Easy and proactive = email

In my opinion, email is the most powerful general marketing tool. And receive the least respect. But I can’t even imagine being in business without email marketing.

Social media gets all the public relations and attention, but email takes the business. A recent study showed that email generated 40 times the business results of Facebook and Twitter combined.

Email is the longest-running online tool and I think it’s taken for granted. Promotional emails have expanded exponentially over the years, but most are not very good.

We go through our mailboxes as if we sort our mail in the trash. Delete, delete, delete. Why? Because it is not relevant or it is boring. Generally both.

I believe that email has the greatest potential of all online marketing strategies because it is relatively easy and the most proactive marketing medium of all. Your message goes directly to your prospect’s mailbox.
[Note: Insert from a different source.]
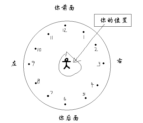 1、假如我现在站在你正右方,这时就说“我站在你的三点钟方向”。 2、假如我现在站在你正左方,这时就说“我站在你的九点钟方向”。(www.ws46.cOm) 3、假如我站在你的正前方,就说“我站在你的十二点或零点方向”。 4、假如我正好站在你后面,就说“我在你六点方向”。

Nothing else can do that.

Marketing email offers great opportunities for improvement in several areas:

1. How to incorporate humor as the most powerful attention-grabbing device around (that hardly anyone is using).

2. How to telegraph your value proposition directly to the minds and hearts of your potential customer.

3. How to make your emails clear, focused and easy to read.

4. How to create a compelling call to action that is hard to resist.

5. How to get emails to thousands of potential customers without looking like spam.

If you’re not working on ALL of these, your emails won’t get the attention and response you want.

Best example: Therapy Practice Accelerator. Visit this site and sign up for the list just to see the brilliance of email marketing. It’s about demonstrating results.

What marketing strategies will you choose?

Consider the four quadrants of marketing. The easier a marketing activity is, the more likely you are to actually do it. And the more proactive a marketing activity is, the faster the response.